Answer:
Although many of his movie roles and the persona he created for himself seemed to represent traditional values, Reagan’s rise to the presidency was an unusual transition from pop cultural significance to political success. Born and raised in the Midwest, he moved to California in 1937 to become a Hollywood actor. He also became a reserve officer in the U.S. Army that same year, but when the country entered World War II, he was excluded from active duty overseas because of poor eyesight and spent the war in the army’s First Motion Picture Unit. After the war, he resumed his film career; rose to leadership in the Screen Actors Guild, a Hollywood union; and became a spokesman for General Electric and the host of a television series that the company sponsored. As a young man, he identified politically as a liberal Democrat, but his distaste for communism, along with the influence of the social conservative values of his second wife, actress Nancy Davis, edged him closer to conservative Republicanism. By 1962, he had formally switched political parties, and in 1964, he actively campaigned for the Republican presidential nominee Barry Goldwater.

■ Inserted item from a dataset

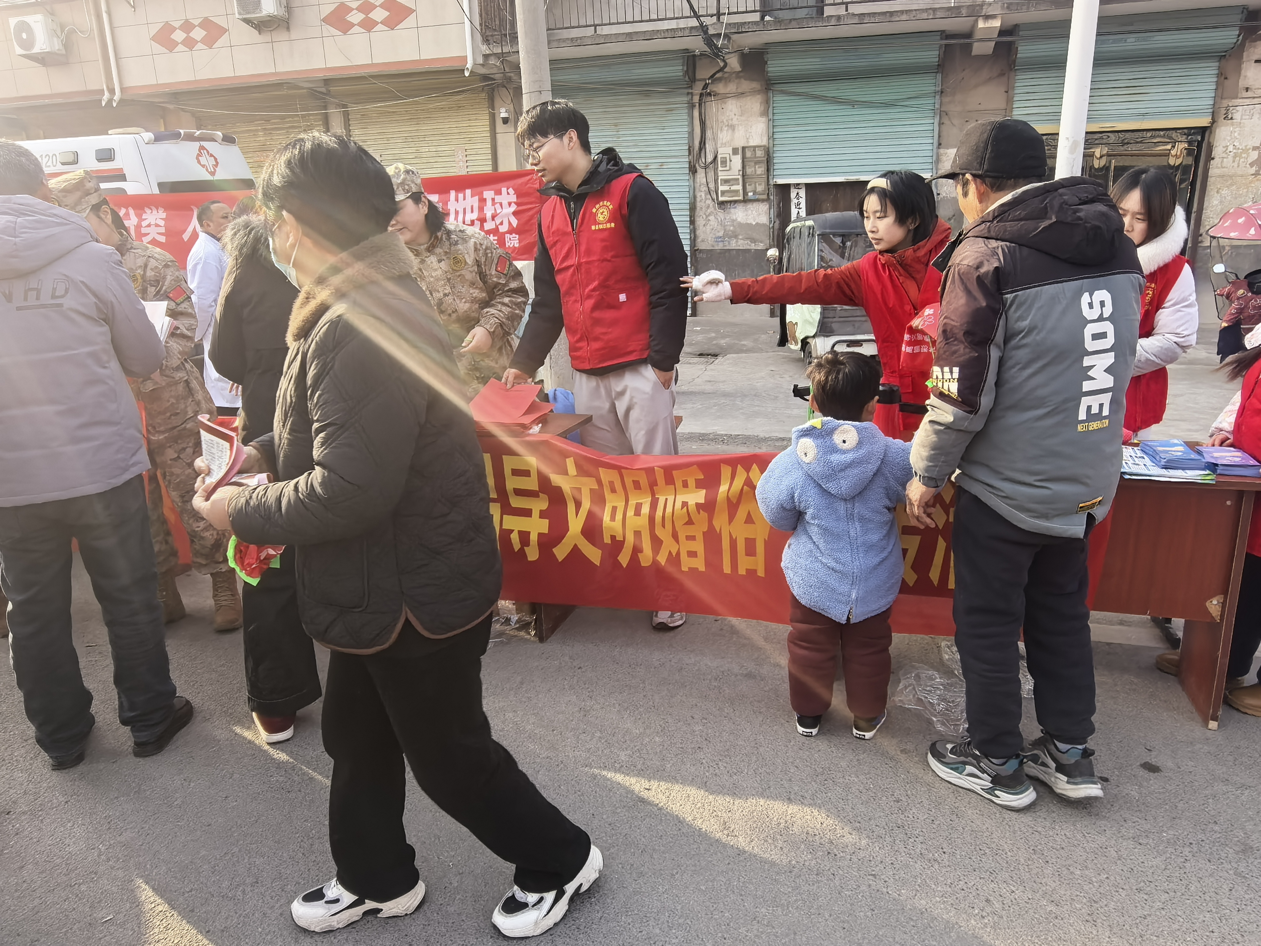 2026 年 2 月 11 日上午,蕲县镇在大集主会场开展 “年味大集・热闹迎新春” 新春便民活动,营造浓厚节日氛围,丰富群众精神文化生活。活动以年味大集为载体,现场设置非遗手工作品展,增添新春气息。工作人员通过悬挂横幅、发放宣传页、现场讲解等方式,普及道路安全、消防安全、文明风俗、禁毒铲毒等知识。同时组织医护人员开展义诊服务,为群众提供健康问诊、血压测量、健康指导,把便民服务送到群众身边。此次活动集年味、宣传、服务于一体,既活跃了节日氛围,又切实为群众办实事,得到群众一致好评。

Reagan launched his own political career in 1966 when he successfully ran for governor of California. His opponent was the incumbent Pat Brown, a liberal Democrat who had already served two terms. Reagan, quite undeservedly, blamed Brown for race riots in California and student protests at the University of California at Berkeley. He criticized the Democratic incumbent’s increases in taxes and state government, and denounced “big government” and the inequities of taxation in favor of free enterprise. As governor, however, he quickly learned that federal and state laws prohibited the elimination of certain programs and that many programs benefited his constituents. He ended up approving the largest budget in the state’s history and approved tax increases on a number of occasions. The contrast between Reagan’s rhetoric and practice made up his political skill: capturing the public mood and catering to it, but compromising when necessary.